Вот уже два месяца она звонит в редакцию по пятницам с одной и той же просьбой: - Я хочу вам рассказать свою историю...
Понимаю, что оставлять без внимания такой порыв неблагородно, но суета рабочих наших будней, как бурлящий по весне поток, уносит меня все дальше и дальше, не оставляя места для лирики. То срочное задание, то очень важное интервью, то необходимость вмешаться в начавшийся судебный процесс... Возможно, эта наша встреча еще не раз откладывалась бы по весьма уважительным причинам, но вчера она позвонила с утра. Похоже, она плакала, я не сразу узнала ее ставший привычным голос:
- У меня остался последний шанс. Надо срочно встретиться!

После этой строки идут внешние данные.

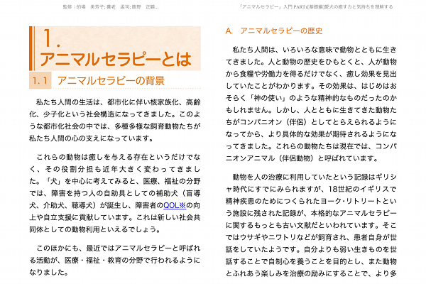 本書は、この「アニマルセラピー」に焦点を当て、アニマルセラピーの中心的な役割を果たしてきた「犬」について詳細に紹介しています。家庭犬もアニマルセラピーの現場で活躍するセラピー犬も、同じ「犬」です。犬の潜在能力、習性や行動をよく知ることで、あなたはあなたの愛犬と、今以上に「より良い関係」を築くことができるでしょう。

...Едва за ней закрылась дверь кабинета, когда она вошла, а я уже поняла - так выглядит отчаяние. Невысокого роста миловидная темноволосая женщина, не по возрасту стильно, но дорого одетая, на левой руке обручальное кольцо. Такая решительная по телефону, она тем не менее выглядела теперь смущенной в нашей казенной обстановке. И глаза - с ума сойти, вместе с отчаянием в них было столько боли! - горели, как две воспаленные звезды.
- Светлана Ивановна, - представилась она, подвинув стул ближе к столу. - Извините, что отрываю вас от дел.
О, сколько историй довелось мне выслушать за долгие годы журналистской практики! Драматичных, трагических, пошлых, скандальных, сугубо производственных... Эта история была о любви.

Исповедь

- Мы познакомились год назад, случайно, вскоре после того, как я развелась с мужем. Наш затянувшийся, но заведомо обреченный брак был, что называется, браком по расчету. Мою молодость и красоту с лихвой компенсировали его финансы. Извините, но по нынешним временам такое случается часто. Кроме того, без помощи мужа я не смогла бы вырастить и выучить свою дочь. А когда дочь выросла и вышла замуж, необходимость соблюдать видимость семейного благополучия отпала сама собой. Как застарелая болячка. И расстались мы без страстей и взаимных претензий, спокойно и безболезненно, как и сошлись в свое время.
В процессе оформления всевозможных бракоразводных документов я и попала на прием к Михаилу Петровичу, назовем его так. Довольно строгий, но ничем особо не приметный мужчина лет пятидесяти - обыкновенный на первый взгляд чиновник. Только рукопожатие его, когда прощались, оказалось несколько крепче обычного, да взгляд проникновеннее и острее.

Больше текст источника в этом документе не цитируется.